### WORK TASK
Copy nothing but the lines from the line with "En söt lila" to the end of the records, retyped exactly. Pictures stay out.
──────── PROVIDED RECORDS ────────
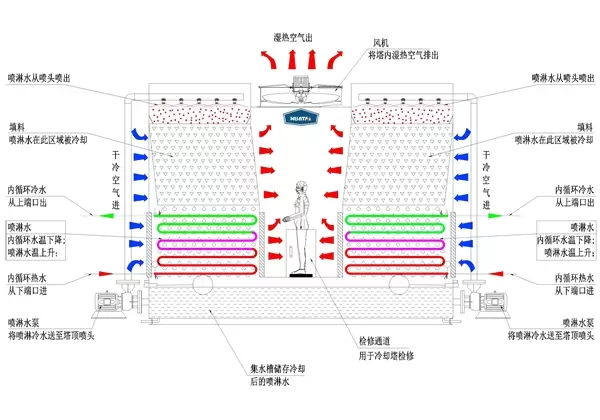 工作流体(纯水或其它液体)在闭式冷却塔的盘管中循环,工作流体的热量经过盘管散入流过盘管的水中。同时机组外的空气从双侧面上的进风格栅进入,与水的流动方向垂直,横向流经盘管一小部分水蒸发而吸走热量,热湿空气由冷却塔顶部的排风机排到大气中。其余的水则落入底部水槽中,由水泵再循环至水分布系统经过预冷填料又淋回到盘管上。
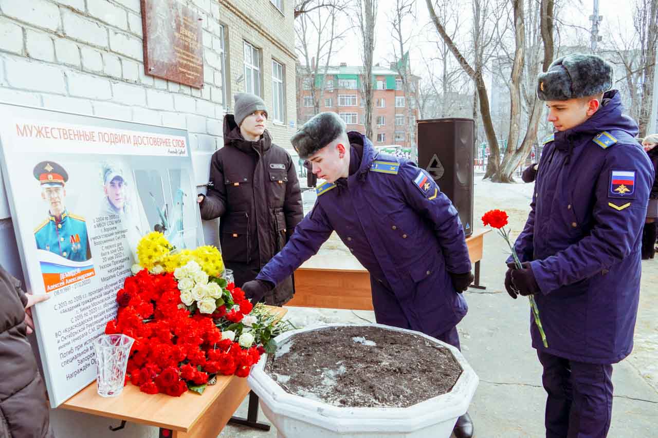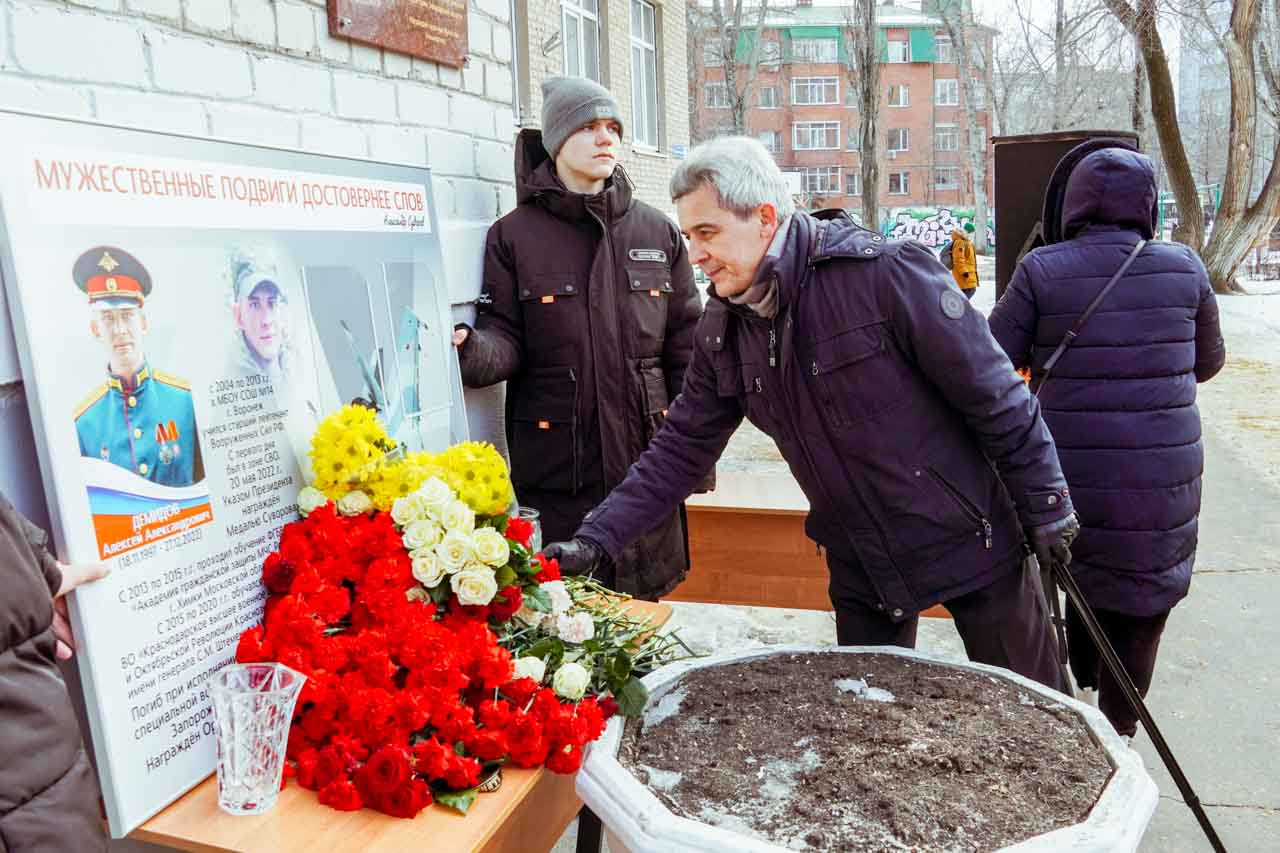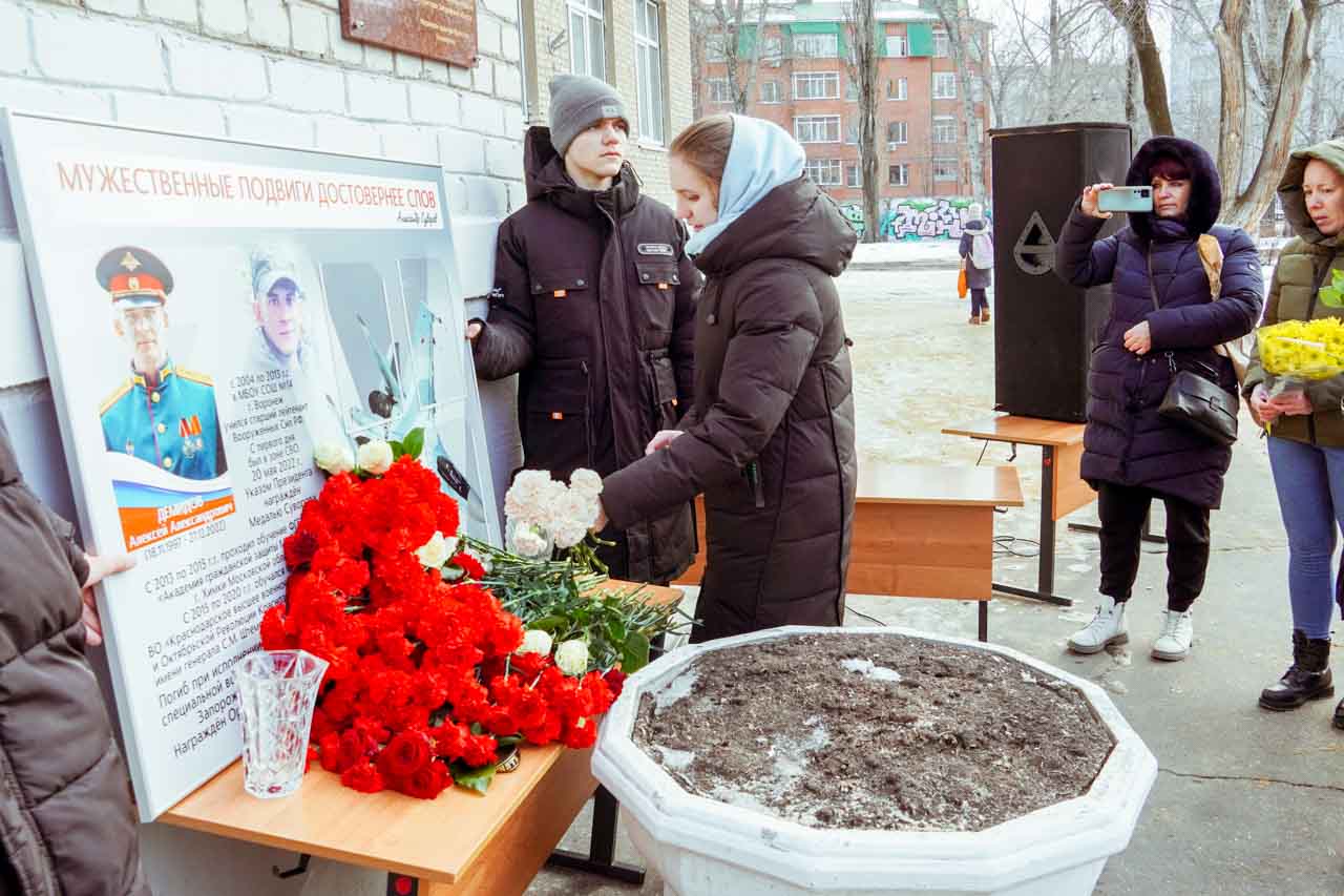 В школьном дворе собрались в этот день друзья и одноклассники героя, его родители и супруга, учащиеся образовательной организации и педагоги, представители управы Ленинского района, Совета ветеранов, регионального фонда «Защитники Отечества», а также коллеги Алексея Демидова из Военно-воздушной академии им. Жуковского и Гагарина. Памятное мероприятие началось с поднятия флага Российской Федерации.
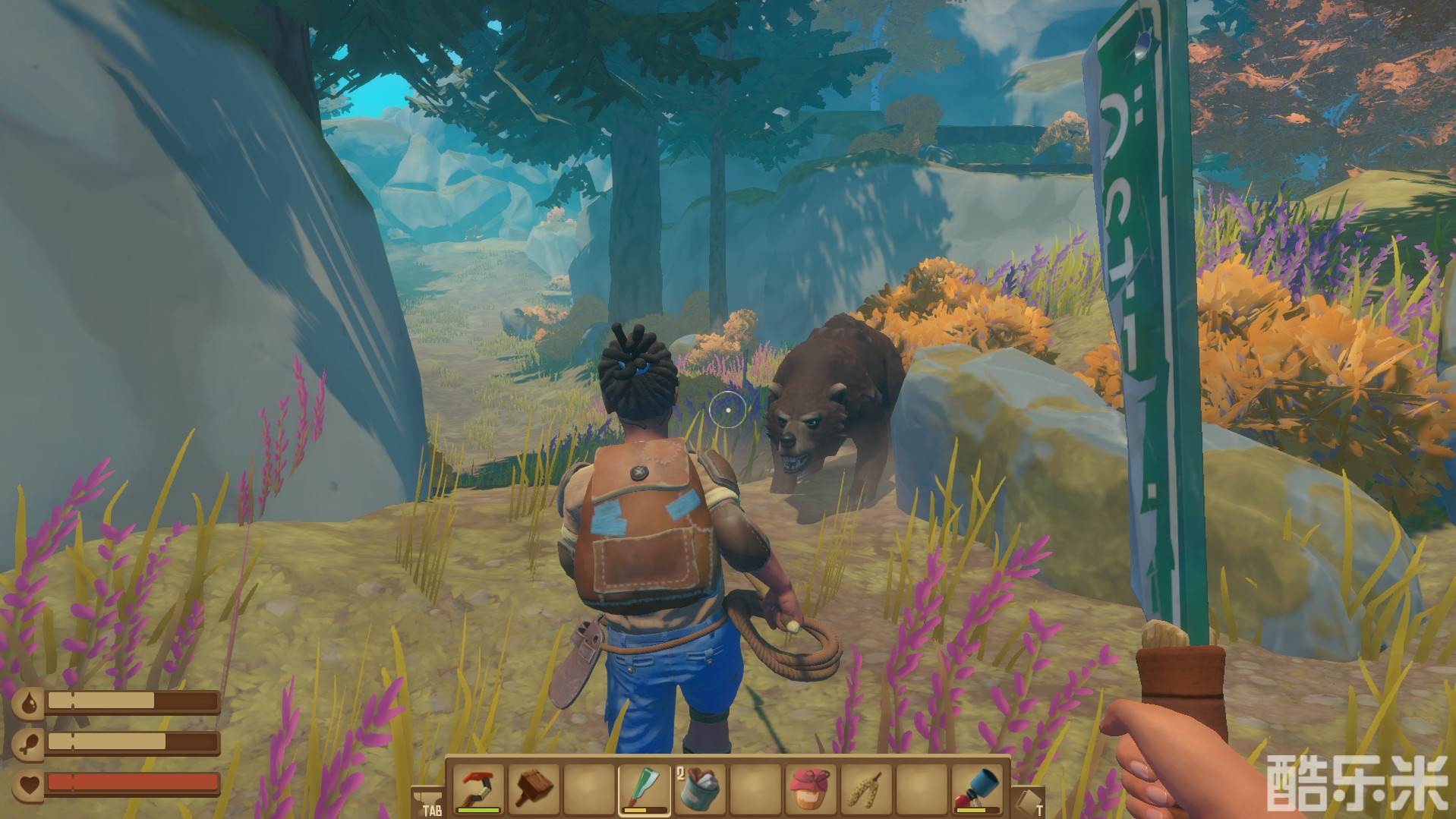 生存挑战: 玩家需要管理资源,确保食物和水供应,同时对抗饥饿和口渴。
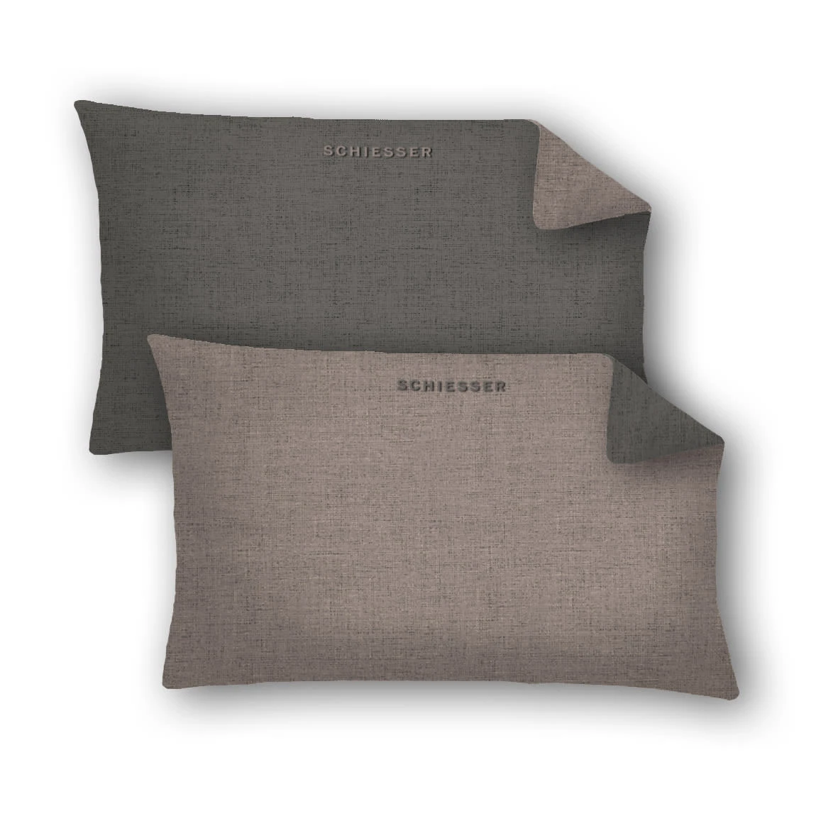 Unsere Doubleface Kissenhüllen im 2er Pack aus dem Hause Schiesser in der Größe 40 x 80 cm sind mit einer hochwertigen Schiesser-Logo-Stickerei versehen und überzeugen durch ihren eleganten Melange-Effekt.
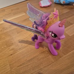 En söt lila My Little Pony figur med vingar och horn. Den har färgglatt hår och söta detaljer.
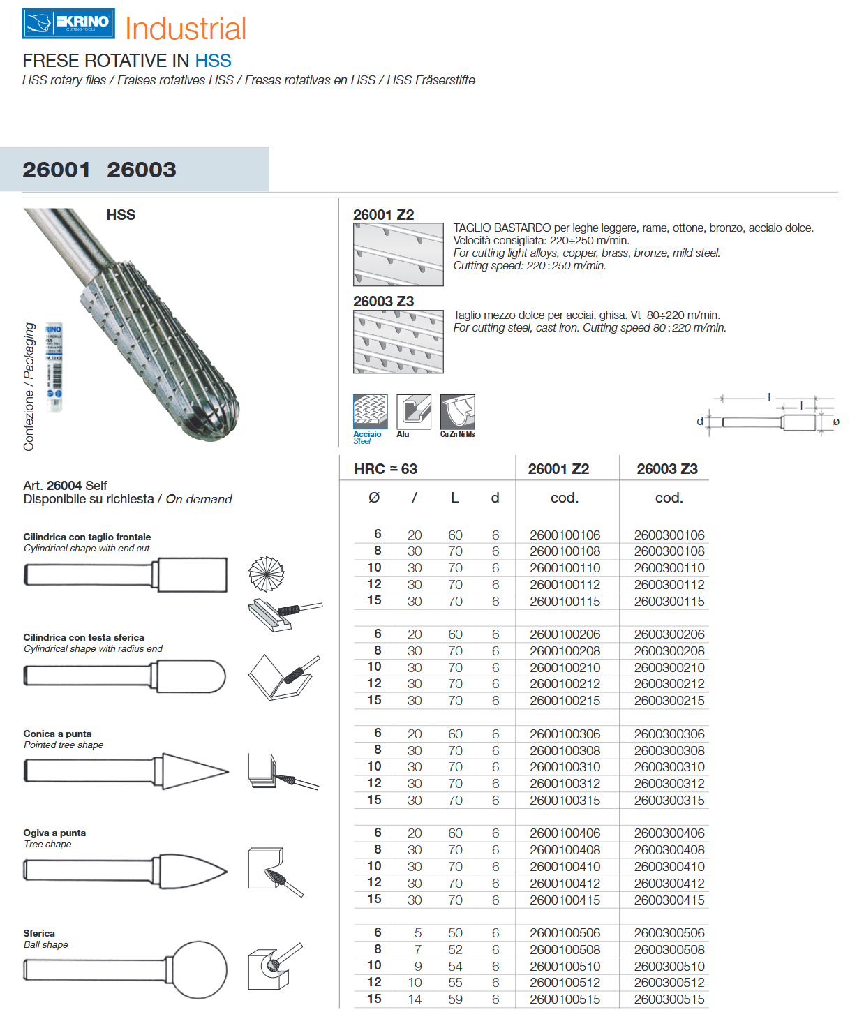 Bravarsko roto glodalo Ø15 mm, konusno-ovalno, Z3, HSS, Krino
────────
### RESULT BELOW
 En söt lila My Little Pony figur med vingar och horn. Den har färgglatt hår och söta detaljer.
 Bravarsko roto glodalo Ø15 mm, konusno-ovalno, Z3, HSS, Krino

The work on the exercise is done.